Perched on a granite outcrop of a rolling mountain range, sits a steel and glass box - a restrained contemporary home designed to transport its owners deep into the "otherworldly" landscape that surrounds.
The project was a display of restrained contemporary design by architect and designer Mark Aronson of MAArchitects.
Built upon the bones of an existing brick and concrete 1970s dwelling near Darlington on the Perth Darling Range, the extension project required careful consideration of placement within the natural environment.
"The architectural solution was to extend north into the bush and allow for breakout spaces for outside living to occur either side," Aronson said.
The result was a design that opens out towards the weather, taking the owners straight into the landscape.
"The glass frames a view of the vegetation and rocks beyond, and establishes a relationship between the house and landscape setting that previously did not exist," Aronson said.
An external bench seat in cement finish forms the garden edge.
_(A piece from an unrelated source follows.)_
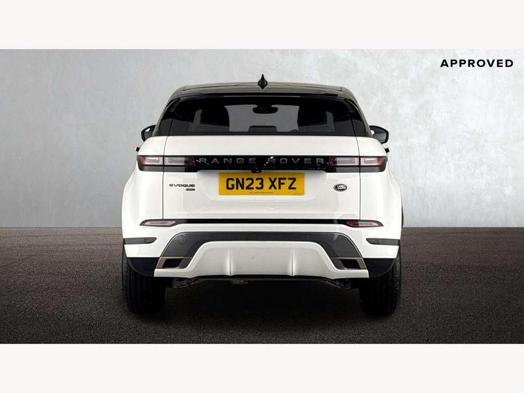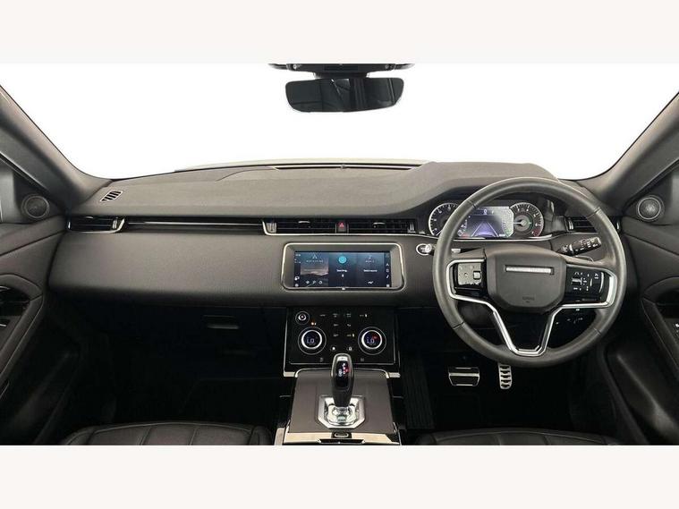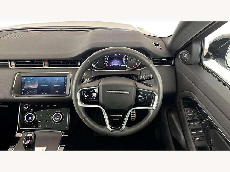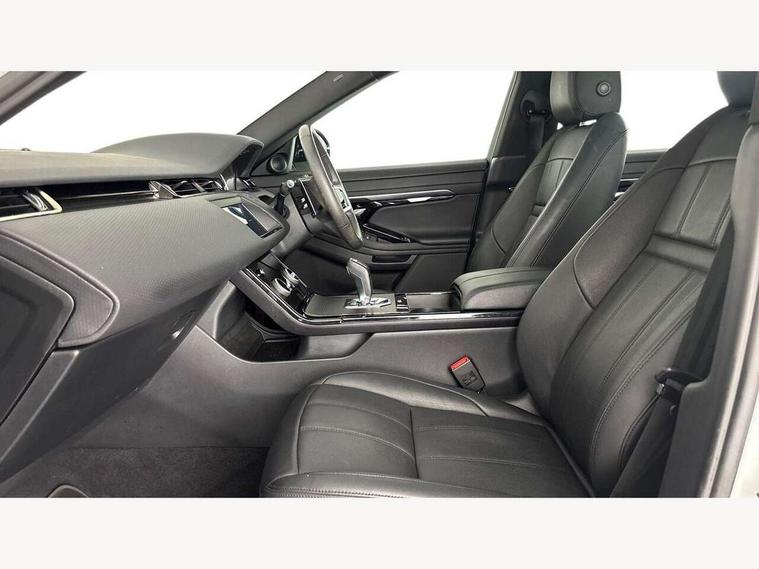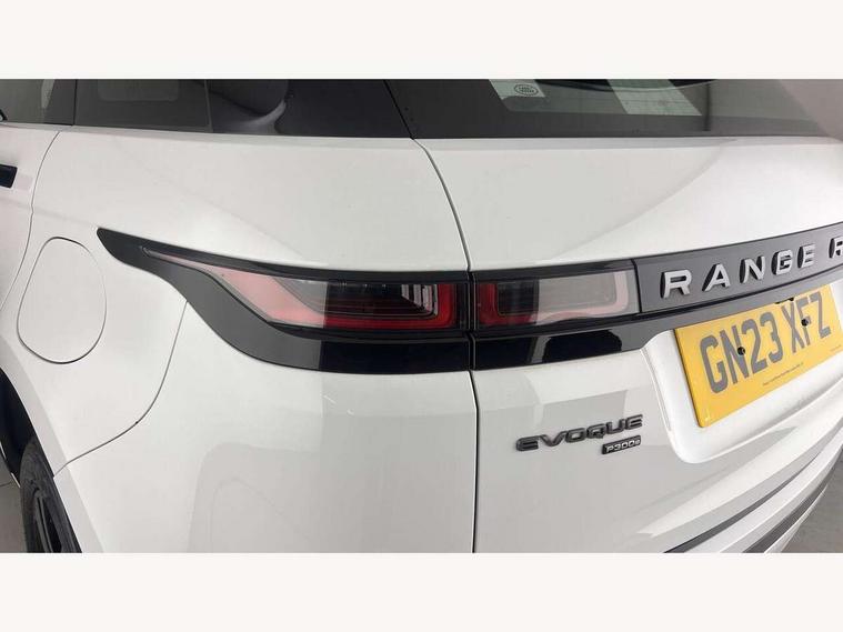Adaptive cruise control, Android Auto, Apple car play, Bluetooth connectivity, Brake pad wear indicator warning light, Driver condition monitor, eCall emergency system, Electronic power assisted steering (EPAS), Front and rear parking aid, InControl remote, Land Rover InControl apps, Lane keep assist, Pivi pro connected includes upgraded infotainment, connected navigation pro, Nuance speech licence, Push button starter, Traffic sign recognition with adaptive speed limiter, Voice control system, 7 kW onboard charger, All terrain progress control, Electric rear axle drive, Home charging cable, Large fuel tank, Passive suspension, Public charging cable, Terrain Response 2 Auto, Digital Audio Broadcast radio-DAB, Steering wheel mounted controls, Auto headlights, Daytime running lights, Electric windows with one touch open/close and anti trap, Evoque and R-Dynamic badge, Flush deployable exterior door handles, Heated rear window with timer, Heated washer jets, Heated windscreen, P300e badge, Power fold, auto-dimming, heated door mirrors with approach lights and auto dimming driver side, Rain sensing windscreen wipers, Rear fog lights, Rear side wing doors, Rear wiper, Tailgate spoiler, Third brake light, 40:20:40 split folding rear seats with centre headrest and armrest, Ambient interior lighting, Bright metal pedals, Isofix system on outer rear seats, Overhead lighting console, Overhead stowage for sunglasses, Passive front head restraints, Rear air vents, Rear centre headrest, Rear head restraints, Satin chrome gearshift paddles, Single passenger seat, Sunvisors with illuminated vanity mirrors, Twin sliding front centre armrest, 3 rear 3 point seatbelts, Anti-lock braking system (ABS), Customer configurable autolock, DSC - Dynamic Stability Control, Electronic brake force distribution, Electronic parking brake, Electronic traction control, Emergency braking, Front and rear seatbelt reminder, Hill descent control, Hill launch assist, Low traction launch, Power operated child locks, Roll stability control, Six airbags - Driver and passenger airbags/driver knee airbag/front side airbag and curtain airbags, Torque vectoring brake, Tyre pressure monitoring system, Alarm, Immobiliser, Intrusion sensor, Locking wheel nuts,

In the morning and evening birdlife surrounds the home, together with the sounds of insects at dusk.
"The intervention quietly lands a modernist box in a foreign, almost alien, landscape. It feels like a long way from anywhere.
"The lights of the city below are only visible in the distance, still some sense of "otherworldly" is here, particularly at dawn when the sky is cold," Aronson said.
"Within this space, a well-designed interior is a sharp contrast to the primality of the landscape outside.
"This is not a spaceship, but feels like a functional and refined interior HQ," he said.
The interior cabinet work design evolved through a close working relationship with Simone Meraldi, an Italian joiner.
Plywood edge and grey laminate, reflect a simple and reduced interior palette.
The table was commissioned by local Furniture-maker Nathan Day, the plan had been to provide a new family space where the owners would be able to cook and sit while being able to keep an eye on a newborn.
The building integrates natural good ventilation principles, with breezeway louvres flushing out the warm air overnight with cooling easterly breezes and insect screens.
"Light and shade are balanced between old and new, achieved in an intelligent architectural solution. The project is successful in combining the interior spatiality with exterior rooms and views," Aronson said.
"These ancillary spaces support an indoor-outdoor lifestyle, where an awareness of the seasons is played out between the landscape and the house.
"In summer, these are entertainment decks where music and cooking happen. In winter the kitchen space is filled with light, or the rain plays out from the comfort of within."
The extension was fundamentally constructed in timber by Hans Donni, a Swiss builder, whose careful attention to detail made the project a reality, Aronson said.
The site sits within a bushfire zone, but eliminated some of the risks by being built away from the upward slope, so the team succeeded in achieving open glazed areas where otherwise not possible. However, construction access to this site was not easy, Aronson said.
"Lightweight construction was chosen for practical reasons - avoiding footings in granite, speed and the inherent sustainability of wood," he said.
"Cement sheet was used where required for protection to the frames. High levels of insulation in walls and glass selection were integrated to achieve optimum performance for the client."